The binary format supports both sparse and dense storage of numeric features, and stores the string names for categorical features. Since floating point values take up the majority of space, it also supports saving them in multiple different methods. Currently it can save values as a 32 or 64 bit float, as a short, or as a signed/unsigned byte. The default method is to scan through the dataset and check which of the options would result in the smallest file without losing any information. Despite this overhead, it's faster than writing either an ARFF or LIBSVM file! You can also explicitly pass the method you want to store it as, which will skip the overhead and do a lossy conversion if necessary.
I did a simple performance case for reading/writing the training set of MNIST. For the JSATData I tested with sparse and dense numeric features (determined by how the data is stored in memory) and using the Auto/ Unsigned byte, and 64 bit float options.
For this first table, I left the data normalized, so it was stored as integers from 0 to 255, making it easy for it to be saved as bytes. The JSAT writer for ARFF and LIBSVM writes out 0s as "0.0", so technically they have a some unnecessary padding. These numbers are from my Macbook Air which has a nice SSD.
Method | ARFF | LIBSVM | JSATData FP64 (sparse) | JSATData U_BYTE (sparse) | JSATData AUTO (sparse) | JSATData FP64 | JSATData U_BYTE | JSATData AUTO |
---|---|---|---|---|---|---|---|---|
Read Time (ms) | 7810 | 3777 | 989 | 758 | 2839 | 1735 | ||
Write Time (ms) | 7091 | 3322 | 790 | 586 | 1652 | 1894 | 895 | 1580 |
File Size (MB) | 203.7 | 87.5 | 108.9 | 45.6 | 377.1 | 47.4 |
In this next table, I normalized the values to a range of [0, 1]. This makes the JSAT code AUTO select FP64, and uses a lot more text in ARFF and LIBSVM. Since U_BYTE won't work any more, I also did a force as FP32.
Method | ARFF | LIBSVM | JSATData FP64 (sparse) | JSATData AUTO (sparse) | JSATDATA FP32 (sparse) | JSATData FP64 | JSATData AUTO | JSATData FP32 |
---|---|---|---|---|---|---|---|---|
Read Time (ms) | 15247 | 6920 | 1032 | 941 | 2873 | 2765 | ||
Write Time (ms) | 9445 | 5643 | 732 | 808 | 833 | 1794 | 1788 | 1933 |
File Size (MB) | 318.3 | 202.1 | 108.9 | 72.7 | 377.1 | 188.7 |
You'll notice that the differences in write time didn't change so much for the second table between 64 bit and AUTO. This is because the code for auto detecting the best format will quit early once it has eliminated everything more efficient than a 64 bit float. As promised, the 64 bit format doesn't change in file size at all, which is a much more consistent and desirable behavior. And even when JSATData does not result in smaller file sizes, the format is simple making it much more IO bound, so it's much faster than the CPU bound ARFF and LIBSVM which have to do a bunch of string processing and math to convert the strings to floats.

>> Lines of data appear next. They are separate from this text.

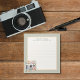 Capture your thoughts and creativity with this beautifully designed notepad, featuring a delicate watercolor illustration of a vintage camera surrounded by flowers with soft hues. This charming combination of art and functionality is perfect for photographers, artists, or anyone who loves to jot down notes in style. Each page offers plenty of room for ideas, to-do lists, notes, reminders etc. Compact and portable, it's the ideal companion for your desk, bag, or workspace. The text on the notepad is customisable and can be easily personalised to suit your needs.
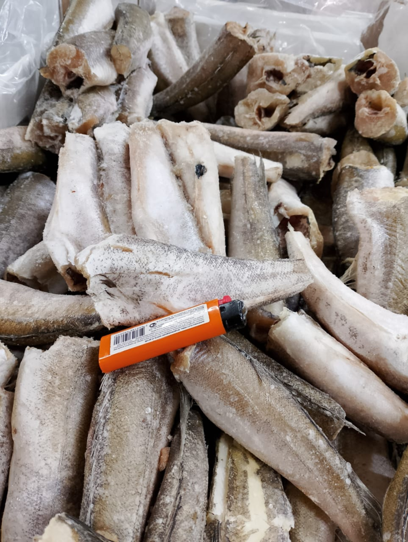 В своём уездном городе в прошлом году видел продукцию, кажется Океанрыбылота - тушка минтая без хвоста и головы, упакованные в блок-лайнер. Вес коробки, кажется 2кг, но могу ошибаться. По внешнему виду тушка очень похожа на хек.
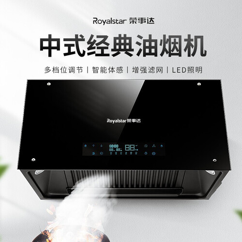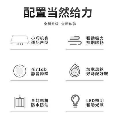 强劲防水电机,稳定输出澎湃风量,双灶浓烟都可搞定。大屏数码显示,科技感强烈,功能操控一目了然更易操控。
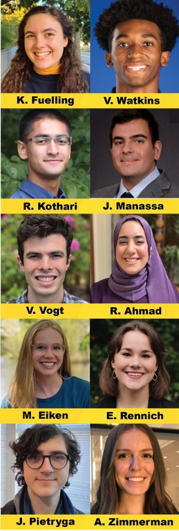Current students who have won a 2023 NSF Graduate Research Fellowship include (top) Kalyn Fuelling '23, Virgil Watkins '23, (bottom) Rishabh Kothari '22, Jason Manassa (PhD, Hovden), and Victor Vogt (PhD, Dasgupta).

I've also added a small feature for strings stored in the format, since I save out the names of categorical features and their options. There is a simple marker to indicate if strings are ASCII or UTF-16, that way for common ASCII strings not as much data is wasted. The writer will also auto-detect if ASCII is safe or it needs UTF-16.
I've written this format with JSAT's three main dataset types in mind, but hopefully this can be useful for others as well. If there is interest I may write a reader/writer for Python and C/C++ and host them up as small little projects on github.